<前編のあらすじ>

47歳の修吾は、2年前に階段から転落して右足の股関節を骨折。後遺症が残り、運送会社の係長職を退職せざるを得なくなった。以来、妻・沙織のパート収入と貯蓄の切り崩しで生活を続けている。

修吾は毎晩スマホで求人サイトを眺めるが、年齢や身体の制約から条件に合う仕事は見つからない。プライドを捨てきれずに仕事を選ぶ自分に嫌気が差しつつも、一方で娘の瑠璃や沙織は家計の苦しさを受け入れ、明るく振る舞っていた。

リフォーム用品店の面接に臨んだ修吾は、面接官からは「その歳で資格もない、足も悪い」「うちで何ができるんです?」と容赦なく突き放された。形だけの面接を終え、修吾は「自分にはもう何の価値もないのか」と追い詰められていた。

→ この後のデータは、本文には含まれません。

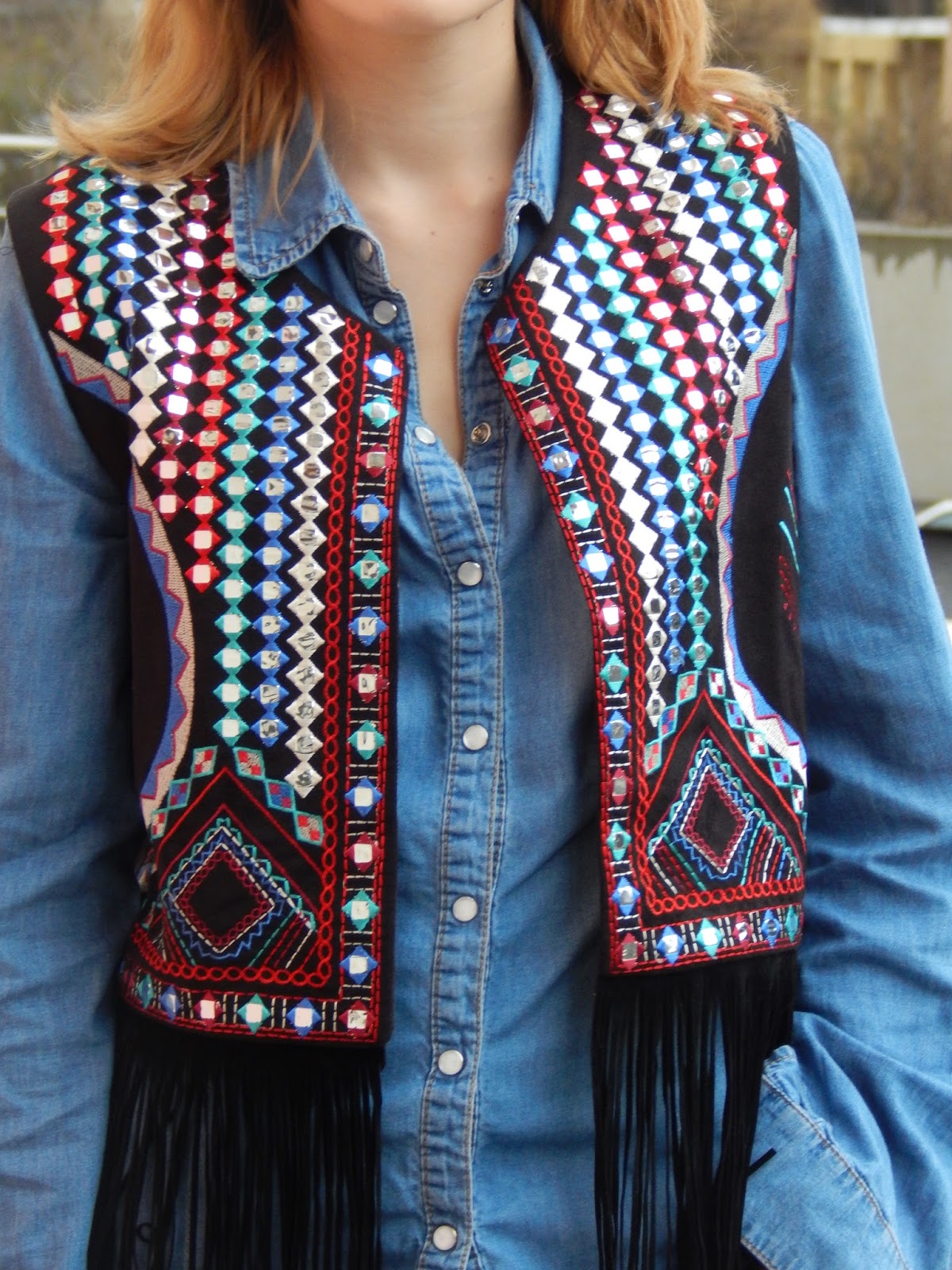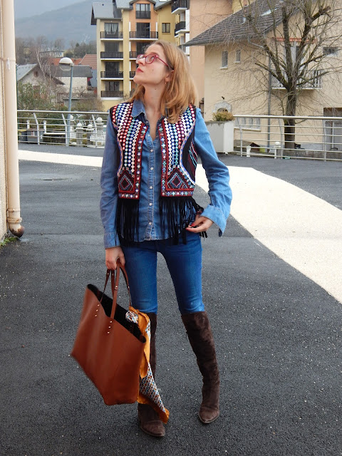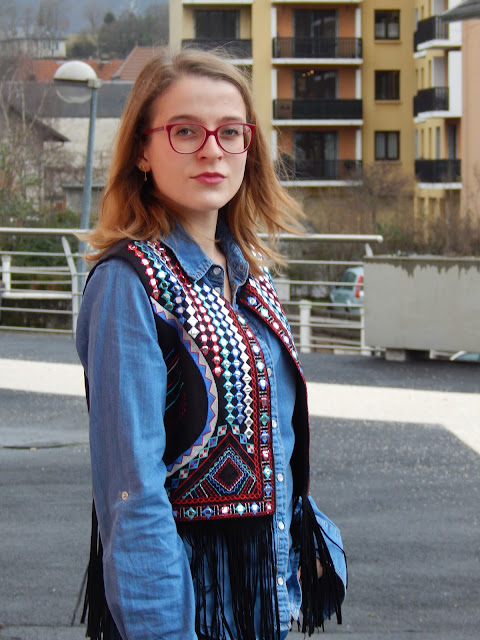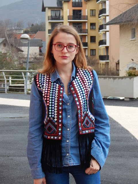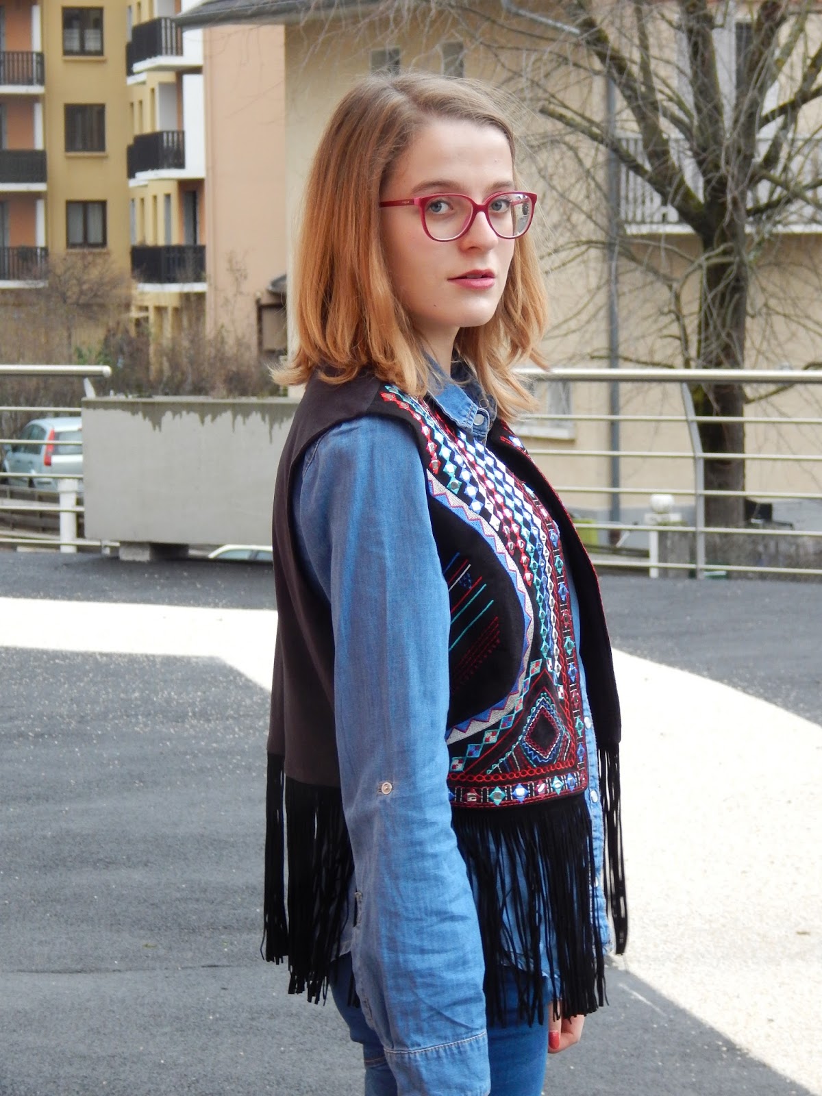 Ce jour-là j’ai choisi ma chemise en jean Pimkie que j’ai depuis plusieurs années, mon jean Zara, où j’ai d’ailleurs trouvé un trou le long de ma jambe… Pour relever un peu le tout, j’ai choisi de mettre ce petit gilet super magnifique shoppé chez Charly&Gaby, dont je voulais parler dans cet article. Je précise que je l’avais repéré en novembre dernier, vous pouvez le voir dans mon article, mais à cette époque il n’était pas soldé. Je l’ai eu en soldes, une fois où j’ai fait un tour à la boutique dire bonjour à Charlotte la responsable, et je l’ai eu en soldes. Je l’ai payé 42 au lieu de 105, donc rien à dire, et je précise que les marques que Charlotte vend, sont pour la plupart made in France. Certes c’est plus cher, mais les pièces sont superbes et la qualité est là, mon gilet est aussi fabriqué en France 🙂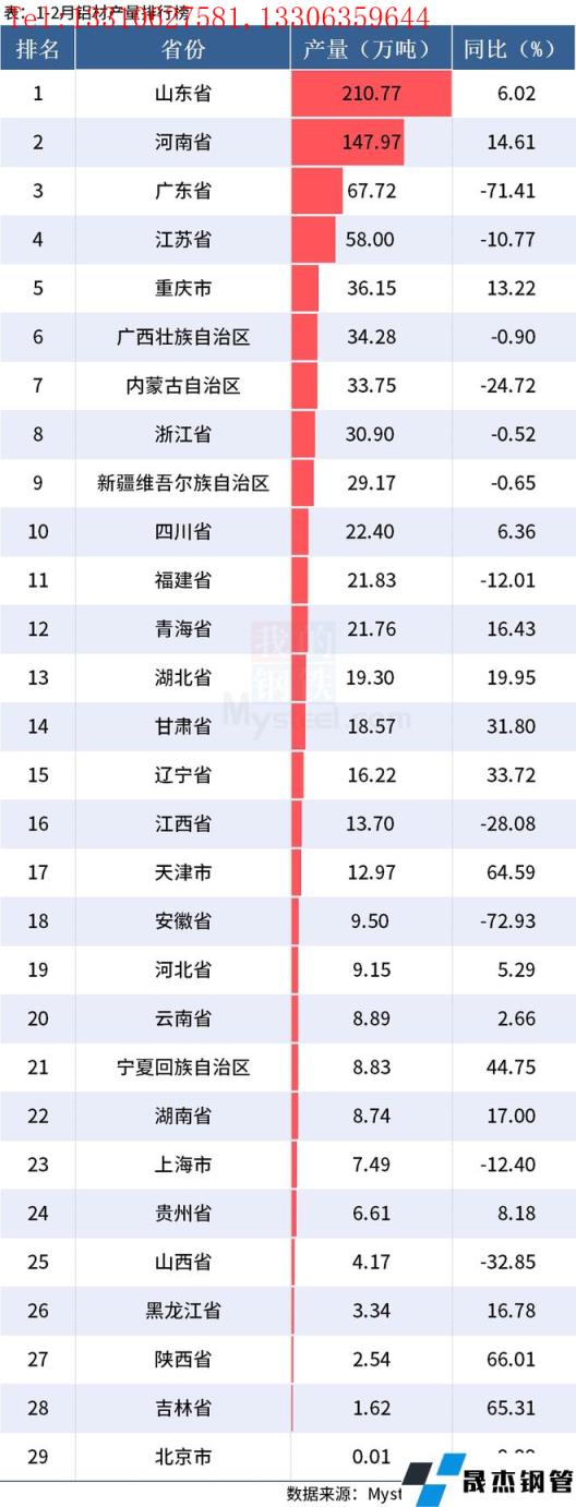 免責聲明:本網站(山東聊城晟杰無縫鋼管廠www.51pvc.cn)刊載的“統計局:1-2月全國分省市鋁材、氧化鋁產量出爐”等均源于網絡,版權歸原作者所有,且僅代表原作者觀點,本文所載信息僅供參考。轉載僅為學習與交流之目的,如無意中侵犯您的合法權益,請及時聯系刪除。本網站刊登此篇文章并不意味著本站贊同其觀點或證實其內容的真實性,我們不對其科學性、嚴肅性等作任何形式的保證。如果侵犯了您的版權,請盡快聯系我們予以撤銷,謝謝合作!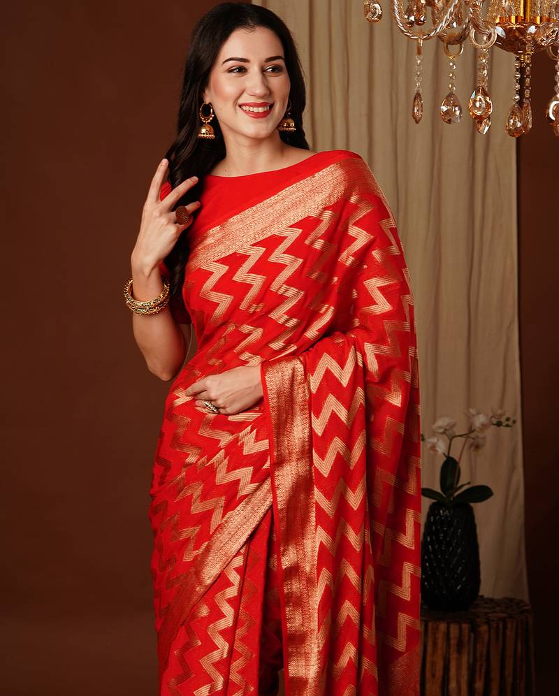 Red color beautiful woven ethnic georgette fabric ceremonial saree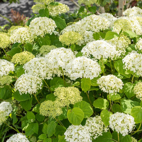 Au pied de l’hortensia arborescens 'Strong Annabelle', une bordure de buis ou un chèvrefeuille arbustif feront ressortir les splendides fleurs blanches.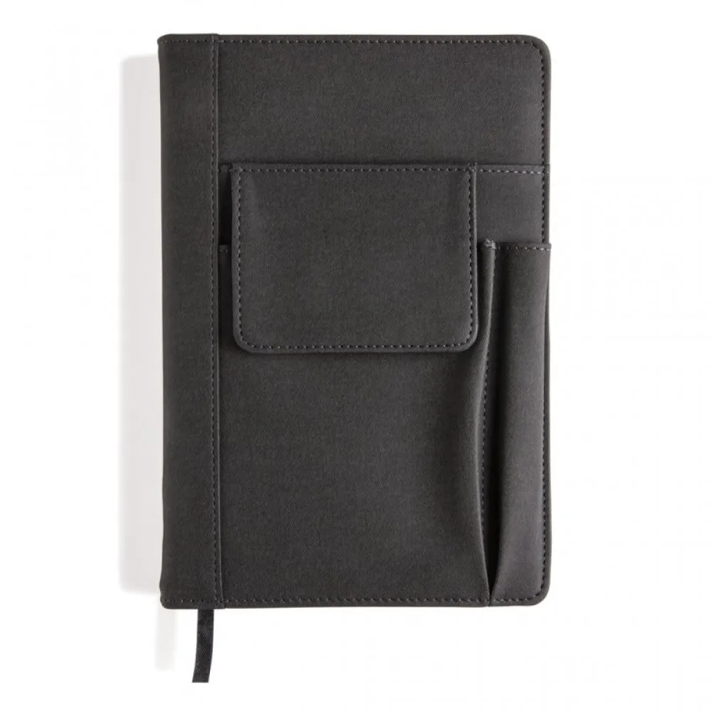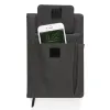 PU notebook cover with a front phone pocket (14 x 10cm), pen pocket and one main pocket .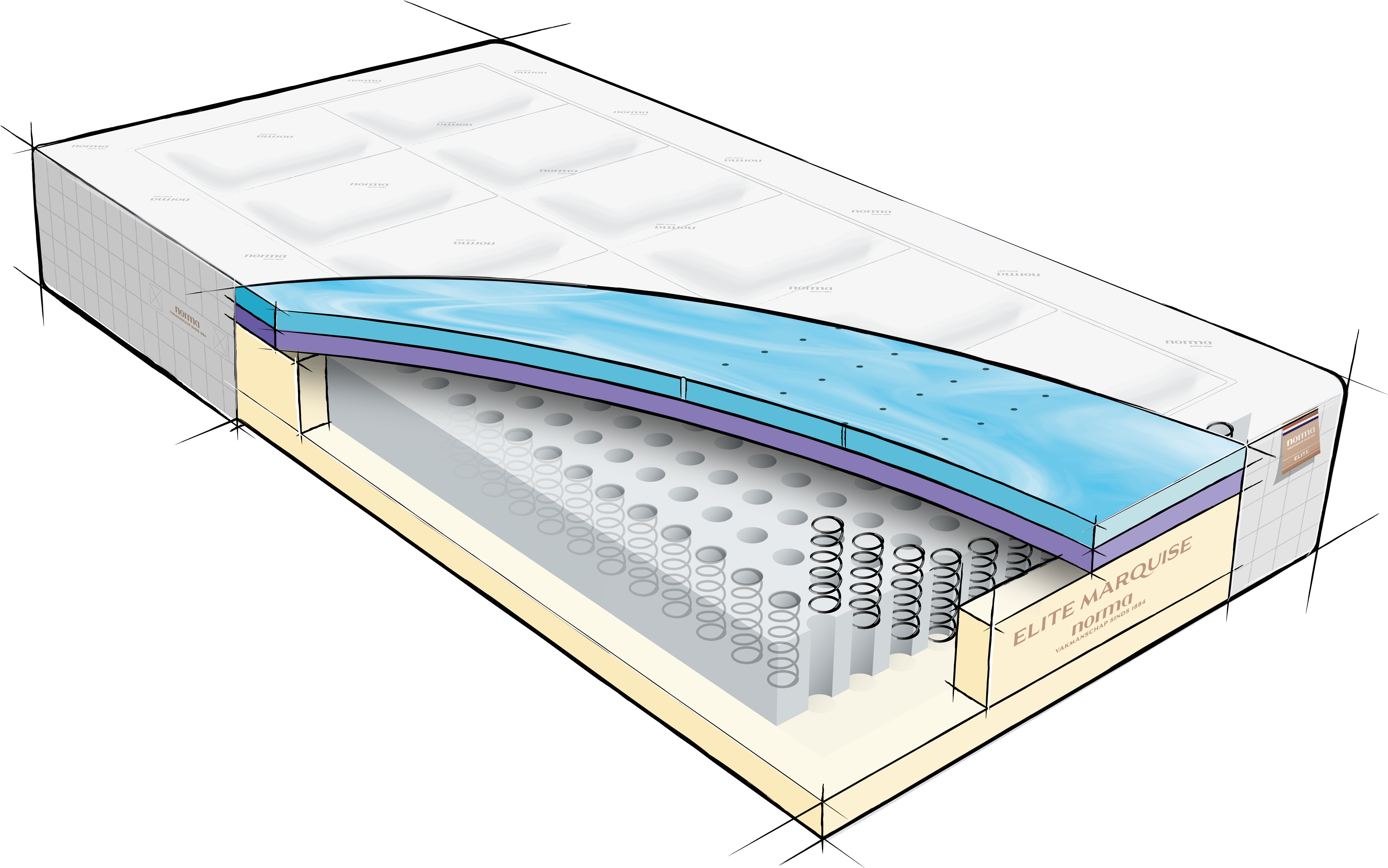 Kortom: het Norma Elite – Marquise matras biedt een luxueuze, drukverlagende ervaring met innovatieve ondersteuning én uitstekende ventilatie — nacht na nacht, keer op keer.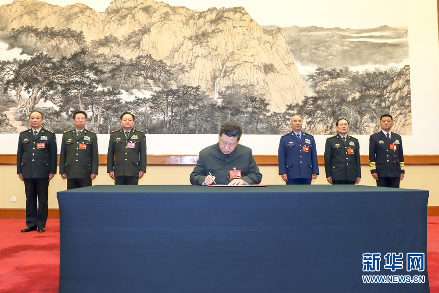 1月4日,中央軍委軍事工作會議在北京召開。中共中央總書記、國家主席、中央軍委主席習近平出席會議并發(fā)表重要講話。這是習近平簽署中央軍委2019年1號命令,向全軍發(fā)布開訓動員令。 新華社記者 李剛 攝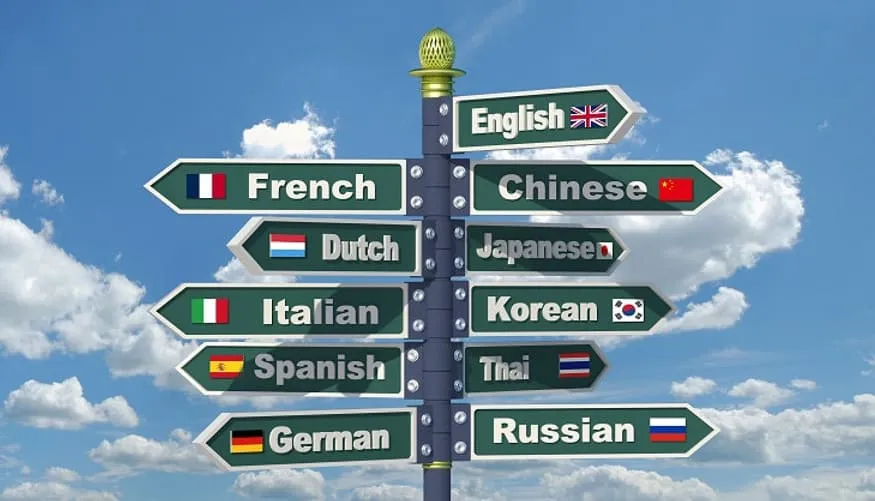 Out of these languages, which one utilizes a different writing system?
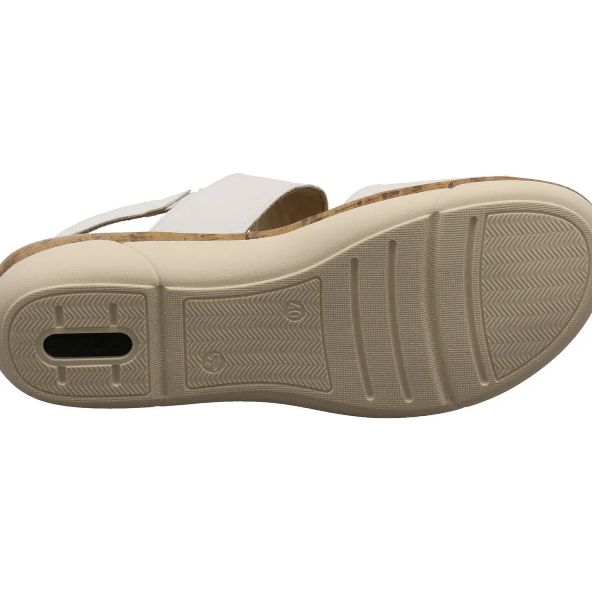 Die bequeme Laufsohle in Weiß hat eine Umrandung in Kork Optik und passt toll zum sommerlich frischen Design.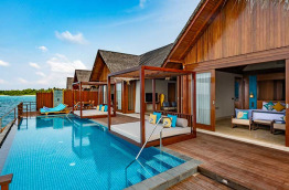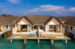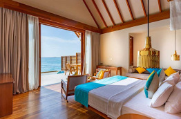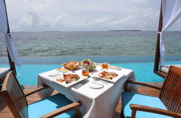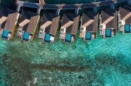 Les 9 Sunrise Ocean Pool Villas et les 9 Sunset Ocean Pool Villas mesurent environ 160 m2. Également construites sur pilotis sur le ponton Sud, elles sont en plus dotées d’une petite piscine privée donnant sur l’océan.
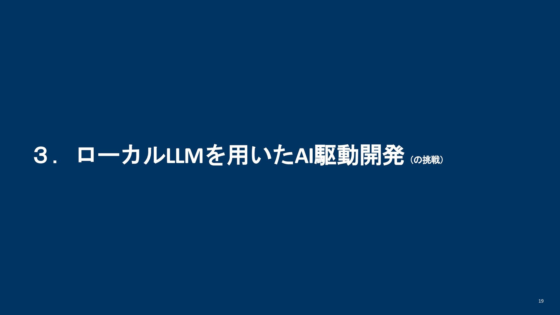 3.ローカルLLMを用いたAI駆動開発 (の挑戦) 19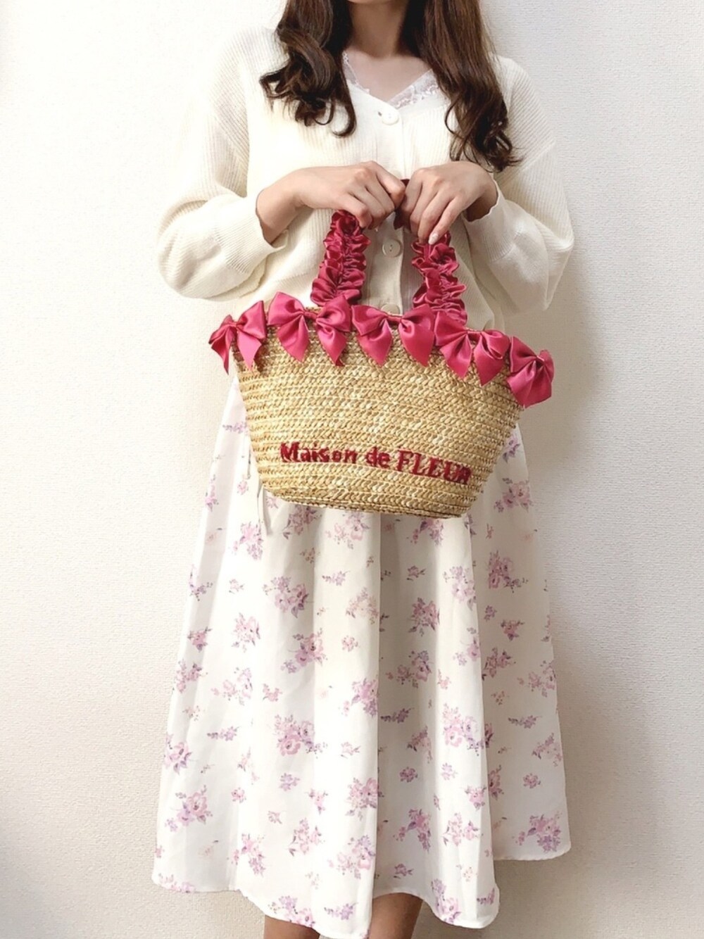 Maison de FLEURのカゴバック🎀 リボン大好きだから、リボンが沢山ついているのが本当に可愛い! カゴバックは去年も買ったけど、去年とはまた違うデザインだからたくさん使い分けしていきたいな🌼

●前編【「うちで何ができるんです?」資格もない、足も悪い…47歳元係長が面接官に突きつけられた"無価値"の烙印

修吾を待っていた食卓

玄関の鍵を開けた瞬間、修吾はいつもと違う匂いに気づいた。甘辛い醤油だれの匂いと、焼いた肉の香ばしさが廊下まで届いている。右足の痛みをかばいながら靴を脱ぐと、台所のほうから瑠璃たちの声がした。

「お父さん、帰ってきた」

「おかえり。ちょうどよかった」

修吾は返事をしようとして、うまく声が出なかった。面接官の薄笑いが、まだ耳の奥に残っている。リビングに入ると、食卓には皿がいくつも並んでいた。大皿に盛られた照り焼き風のおかず、彩りのいいサラダ、具だくさんのスープ。いつもの夕食とは明らかに違っていた。

「今日はお疲れさま。頑張った分、ちゃんと食べて」

沙織がそう言った瞬間、修吾の中で何かが弾けた。

何が頑張った、だ。

あんなふうに笑われて、何も言い返せずに帰ってきた自分に、なぜこんな食卓を用意するのか。

「何だよ、これ」

自分でも意外なほど低い声が出た。

「こんなにぞろぞろ並べて、何のつもりだ」

「お父さん」と、瑠璃が小さく呼んだ。しかしその声を聞いても、止まらなかった。

「家計が苦しいの、分かってるだろ。だからお前だって、もやしとか豆腐でやりくりしてたじゃないか。なのに急にこんな無駄遣いして……俺への当てつけか」

「違うよ。そんなんじゃない。ちゃんと家計のことも考えて作ってるから大丈夫だよ」

「今さら見栄なんか張らなくていいよ。みっともない」

言った瞬間、修吾は気づいた。いつまでも過去の役職に固執し、見栄を捨てられないのは、自分のほうだ。ふと見ると瑠璃は箸を握ったまま、唇をぎゅっと結んでいる。普段なら努めて場を明るくしようとする娘が、今は何も言わない。その沈黙が、修吾の心をさらに乱した。